My home is my castle, and I willingly paid for its amenities, and the cost to live there. My neighbors don’t just walk in the door and use my house. The streets, trees, maintenance et al on the other hand are local COMMUNITY benefits. I should not pay more for the lawn maintenance, light across the street than someone else. As you’ve done it, about half of us will see increases, and half will have this part of property tax reduced, WHILE INCREASING THE AMOUNT BY 52% !
You didn’t even offer a same dollar number for everyone to consider – why not? And, I assume every other district is having this wealth tax curve impressed upon them. Who decided to create a wealth tax curve instead of a straight line, and do they have that right? I consider Special Benefits, a wealth tax curve on common facilities ludicrous. Lumping everything as “ improvements” is a misuse , as the bulk is routine maintenance.
I consider Rancho Solano VERY well maintained, and understand costs increase. I consider a 52% step jumping, becoming annually automated ad infinitum very questionable. I strongly disagree that after decades that you have decided to create a curve, making some neighbors pay more than others for the same, COMMON facilities. It’s not right.
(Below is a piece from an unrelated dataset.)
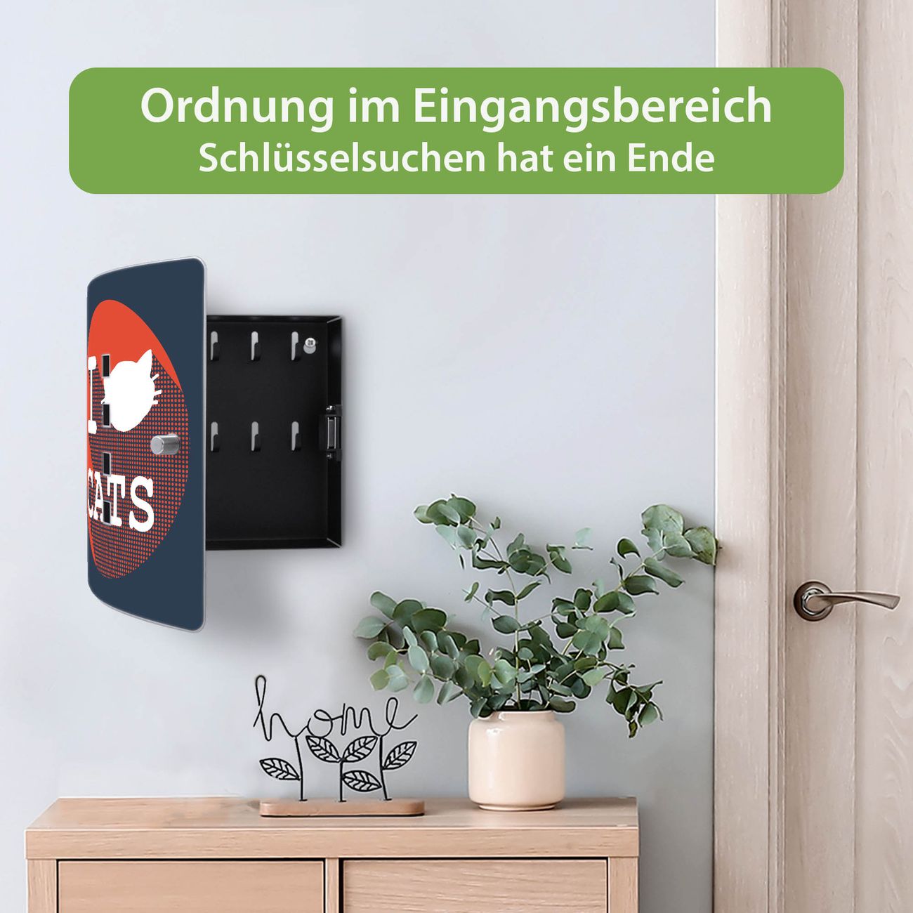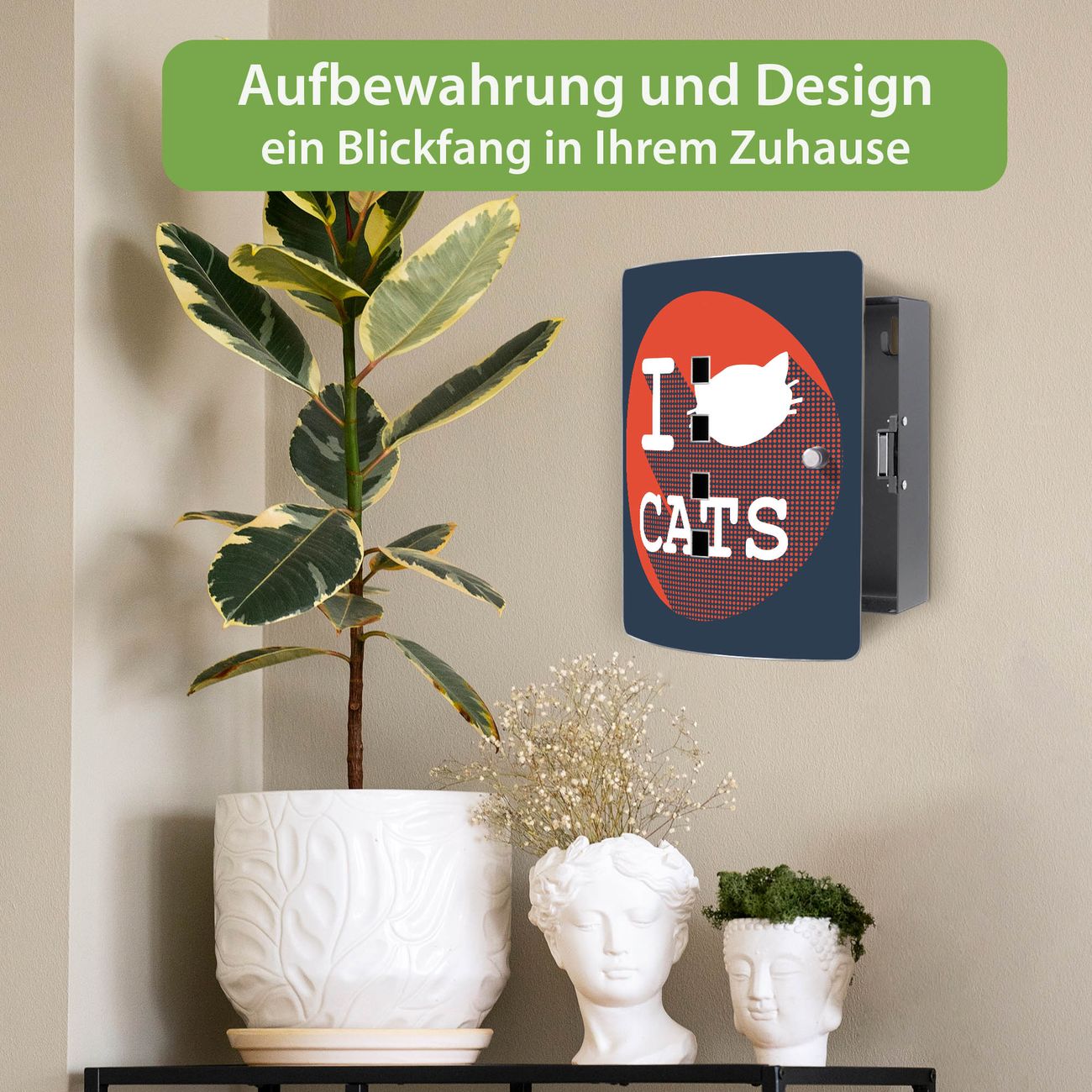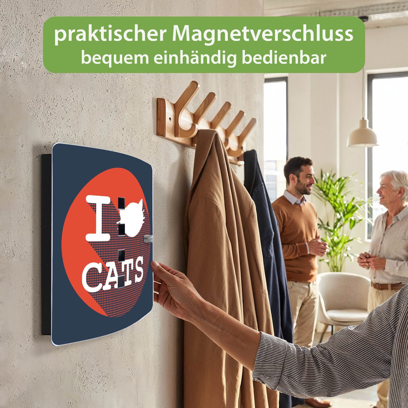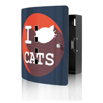 Funktion / Nutzen: Die leicht geschwungene Edelstahltür ist mit einer hochwertigen Motivfolie und dem Motiv Motiv I Love Cats kaschiert. Ein praktischer Magnetverschluss ermöglicht Ihnen ein schnelles Öffnen und Schließen. Befestigt wird der Schlüsselkasten an 2 Stellen auf der Rückseite, passendes Montagematerial fügen wir bereits bei.

Hello Jeff, thank you for your question and apologies for the delay. All single family homes do not pay the same amount because not all parcels in the LLMD are identical in size and other characteristics, some will receive more special benefit than others. The formula to use for lot size, building size, ADT and land use has been devised to determine the proportional special benefit received by each parcel. The formula takes into account multiple factors in order to compensate for any dis-proportionality that might have resulted from relying exclusively on a single factor. We take guidance on this topic from multiple court cases, but primarily Dahms v Downtown Pomona PBID.